What is expected: Look for the line that has "Am 26.01.2012 hieß" in the material below; please repeat it and every line after it, exactly, up to and including the line that has "ヘルシア緑茶は、体脂肪減少を", and nothing else.

:: Records for this task

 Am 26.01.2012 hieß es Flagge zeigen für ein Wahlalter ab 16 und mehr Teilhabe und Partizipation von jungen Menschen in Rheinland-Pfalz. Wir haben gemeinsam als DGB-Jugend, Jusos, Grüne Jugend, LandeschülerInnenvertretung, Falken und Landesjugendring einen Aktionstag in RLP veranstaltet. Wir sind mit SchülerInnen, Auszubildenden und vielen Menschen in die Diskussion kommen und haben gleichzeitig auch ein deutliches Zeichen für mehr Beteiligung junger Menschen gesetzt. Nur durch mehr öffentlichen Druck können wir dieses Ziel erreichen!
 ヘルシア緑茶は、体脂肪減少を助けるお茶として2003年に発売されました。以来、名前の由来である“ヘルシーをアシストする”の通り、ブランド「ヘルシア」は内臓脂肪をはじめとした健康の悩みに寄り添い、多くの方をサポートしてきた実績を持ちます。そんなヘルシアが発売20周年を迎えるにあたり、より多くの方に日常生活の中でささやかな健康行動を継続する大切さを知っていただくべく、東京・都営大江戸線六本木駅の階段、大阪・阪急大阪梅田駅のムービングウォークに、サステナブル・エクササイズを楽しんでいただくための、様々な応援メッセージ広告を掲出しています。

::::
:: Records for this task

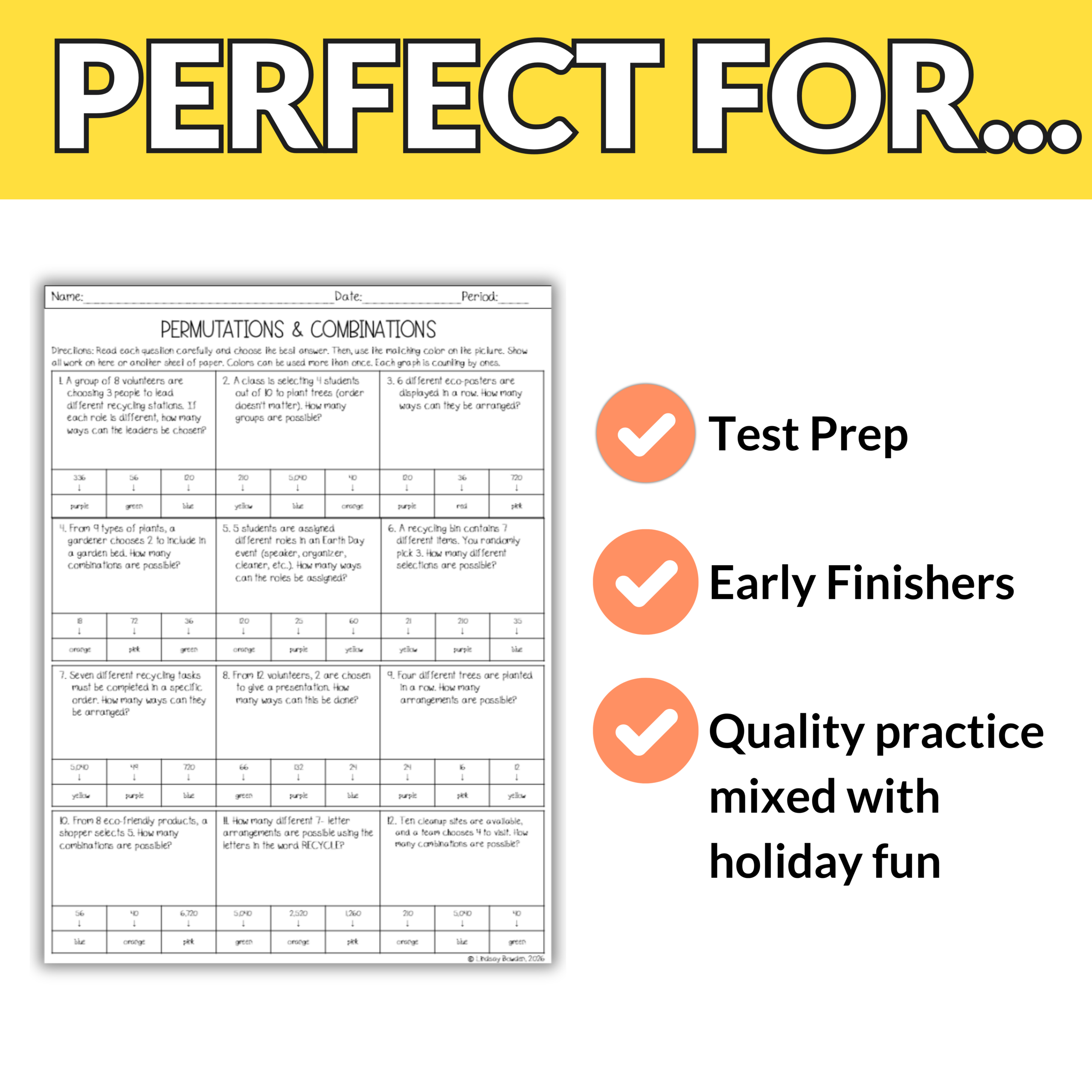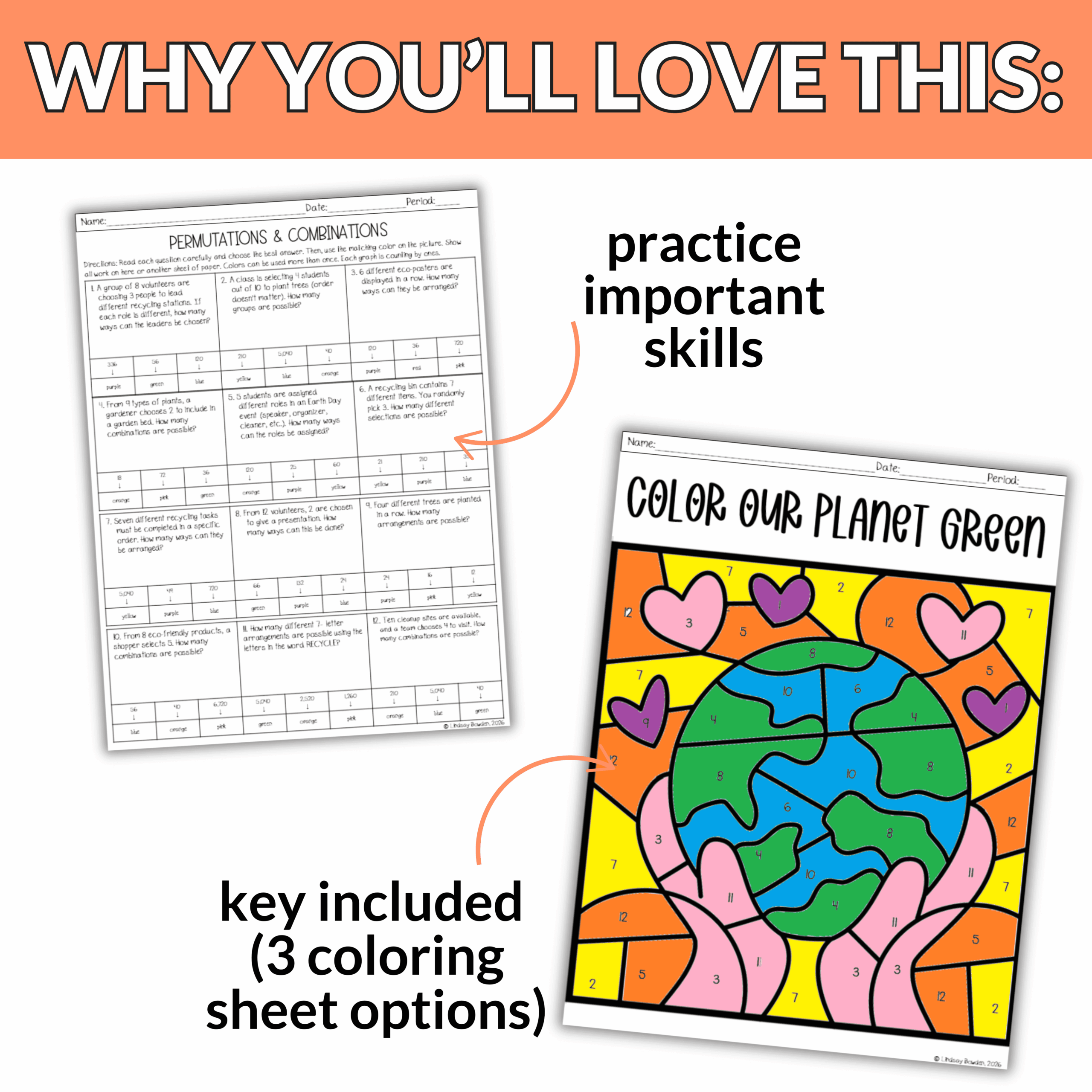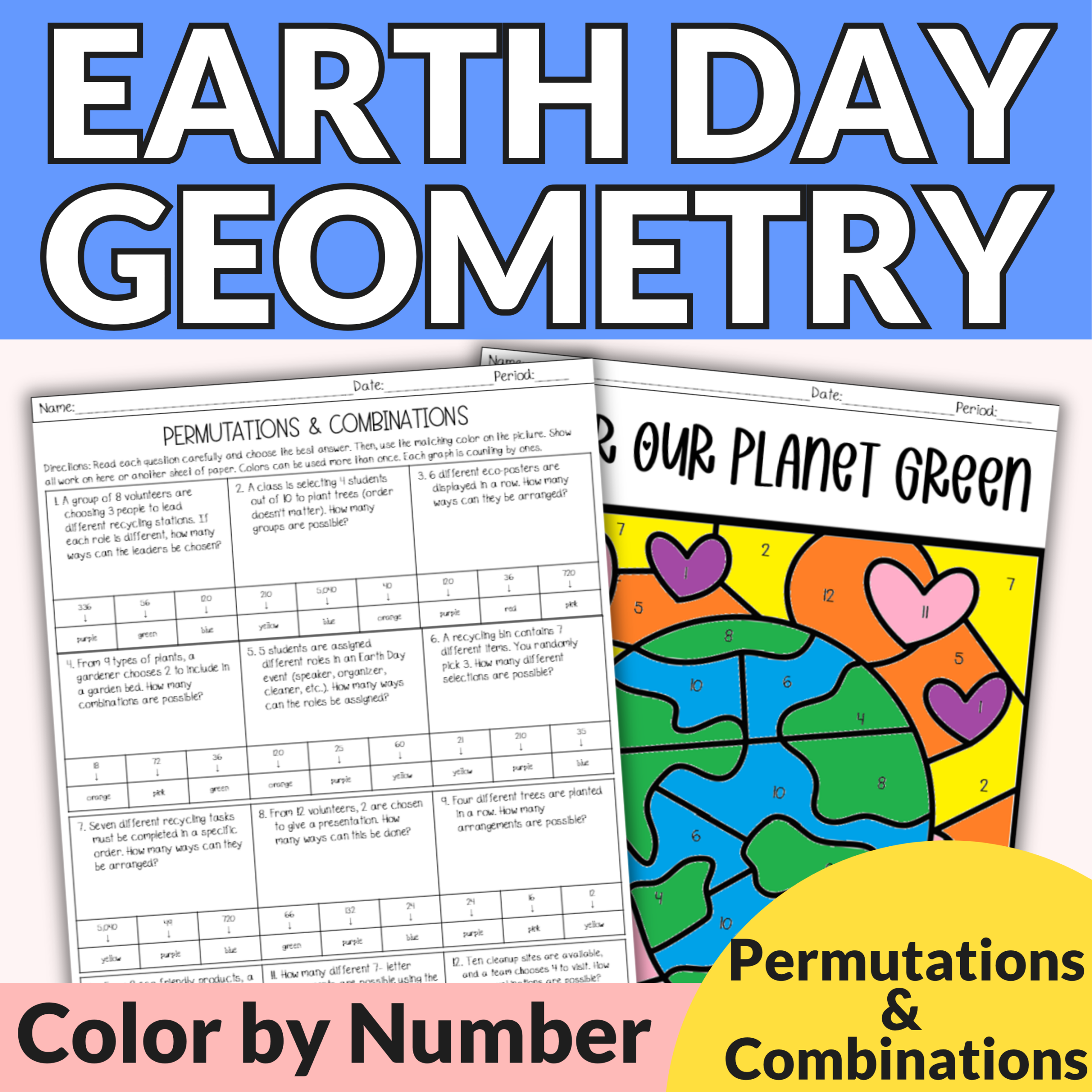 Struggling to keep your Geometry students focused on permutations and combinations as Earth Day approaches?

::::
:: Records for this task

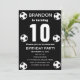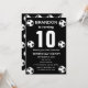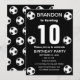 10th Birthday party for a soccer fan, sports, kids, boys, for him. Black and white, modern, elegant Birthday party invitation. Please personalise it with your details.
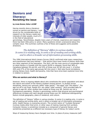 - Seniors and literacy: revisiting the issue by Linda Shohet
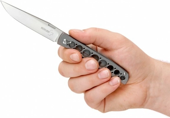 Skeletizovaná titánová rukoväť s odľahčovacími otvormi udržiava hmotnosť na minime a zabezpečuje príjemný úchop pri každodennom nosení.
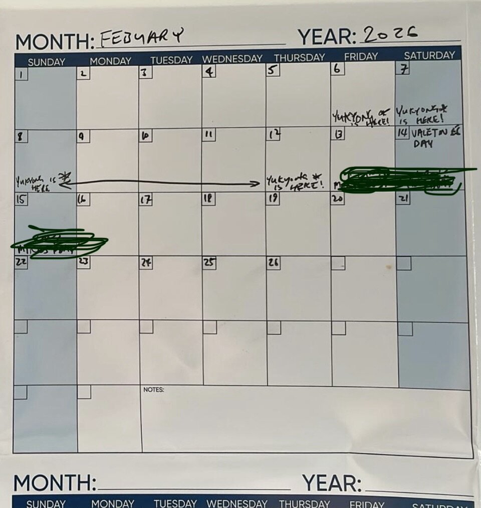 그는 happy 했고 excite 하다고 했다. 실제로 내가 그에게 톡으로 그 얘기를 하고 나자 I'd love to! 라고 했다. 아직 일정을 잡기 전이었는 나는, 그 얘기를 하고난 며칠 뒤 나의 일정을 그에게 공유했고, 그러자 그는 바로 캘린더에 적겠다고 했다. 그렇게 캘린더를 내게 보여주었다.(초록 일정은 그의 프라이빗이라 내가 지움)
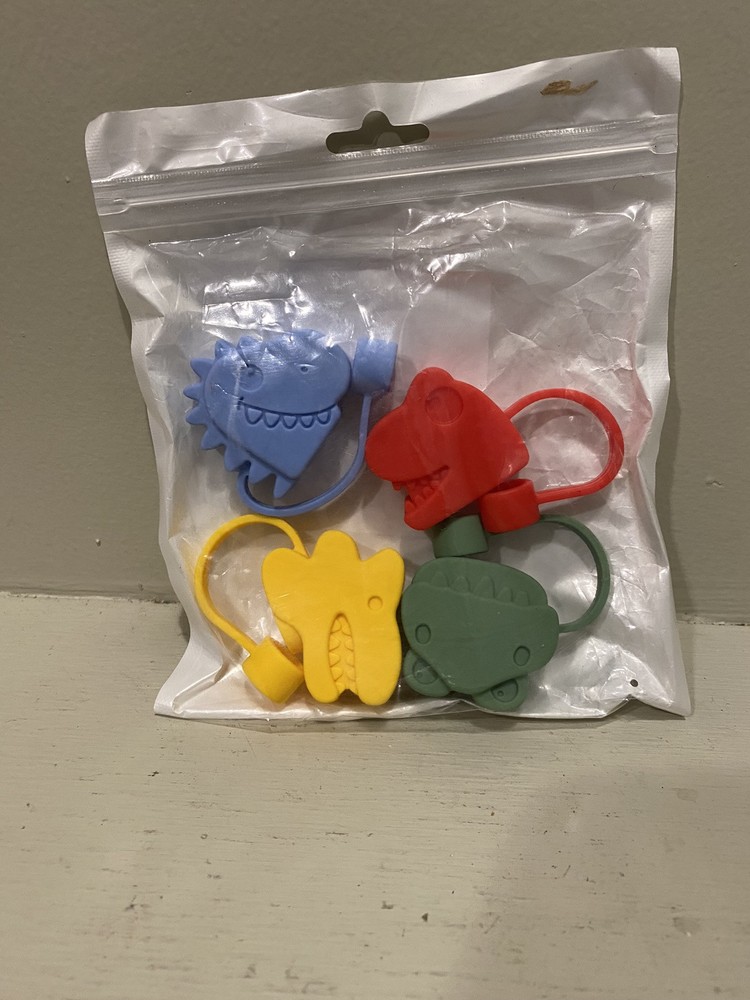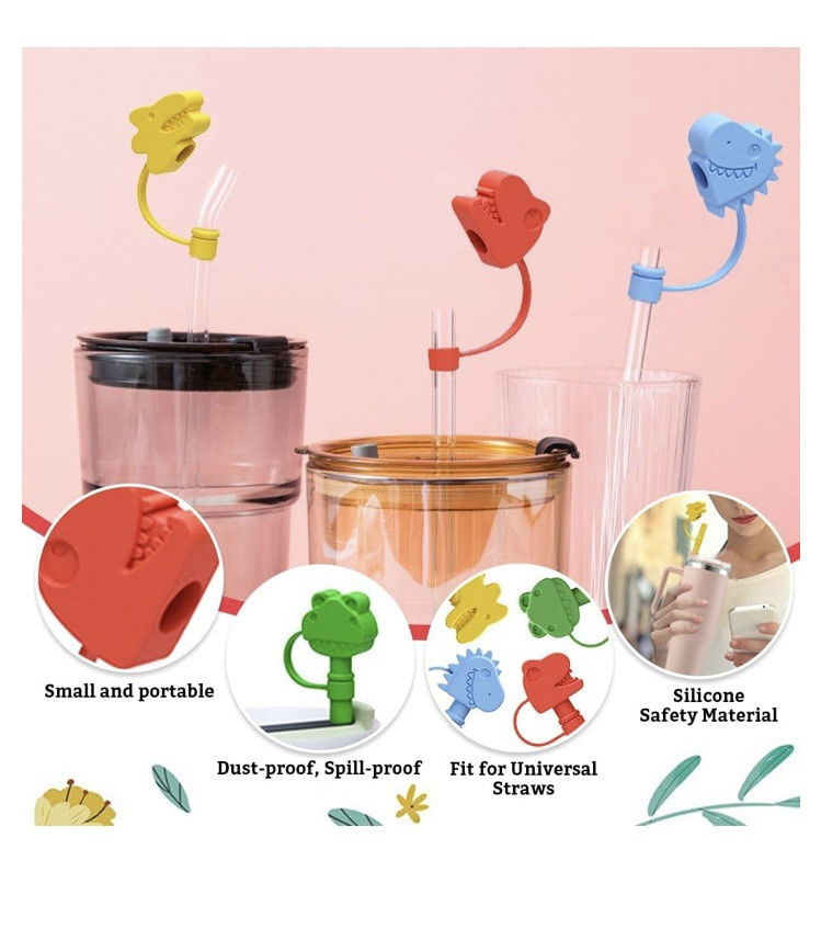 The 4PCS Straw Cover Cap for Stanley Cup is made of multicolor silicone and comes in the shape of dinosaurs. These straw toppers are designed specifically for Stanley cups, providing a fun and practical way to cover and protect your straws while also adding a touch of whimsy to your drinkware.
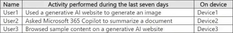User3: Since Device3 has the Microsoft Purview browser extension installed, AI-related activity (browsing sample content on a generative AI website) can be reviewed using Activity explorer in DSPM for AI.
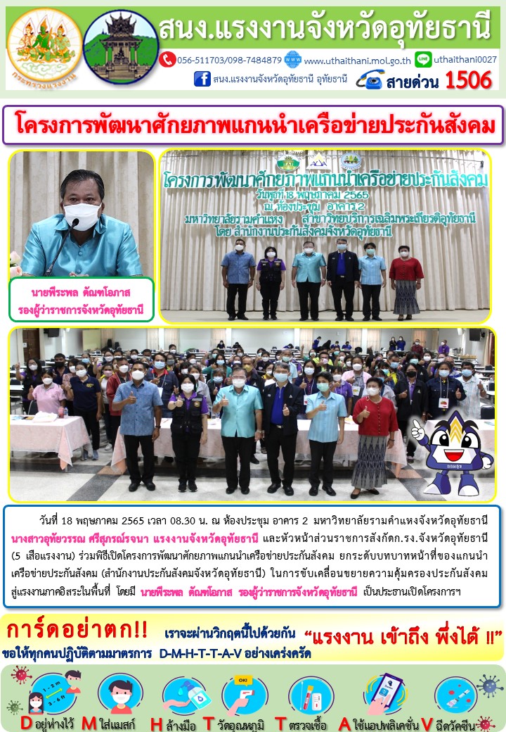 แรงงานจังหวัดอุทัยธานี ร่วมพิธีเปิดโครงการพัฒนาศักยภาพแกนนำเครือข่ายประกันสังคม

::::

Result below:
 Am 26.01.2012 hieß es Flagge zeigen für ein Wahlalter ab 16 und mehr Teilhabe und Partizipation von jungen Menschen in Rheinland-Pfalz. Wir haben gemeinsam als DGB-Jugend, Jusos, Grüne Jugend, LandeschülerInnenvertretung, Falken und Landesjugendring einen Aktionstag in RLP veranstaltet. Wir sind mit SchülerInnen, Auszubildenden und vielen Menschen in die Diskussion kommen und haben gleichzeitig auch ein deutliches Zeichen für mehr Beteiligung junger Menschen gesetzt. Nur durch mehr öffentlichen Druck können wir dieses Ziel erreichen!
 ヘルシア緑茶は、体脂肪減少を助けるお茶として2003年に発売されました。以来、名前の由来である“ヘルシーをアシストする”の通り、ブランド「ヘルシア」は内臓脂肪をはじめとした健康の悩みに寄り添い、多くの方をサポートしてきた実績を持ちます。そんなヘルシアが発売20周年を迎えるにあたり、より多くの方に日常生活の中でささやかな健康行動を継続する大切さを知っていただくべく、東京・都営大江戸線六本木駅の階段、大阪・阪急大阪梅田駅のムービングウォークに、サステナブル・エクササイズを楽しんでいただくための、様々な応援メッセージ広告を掲出しています。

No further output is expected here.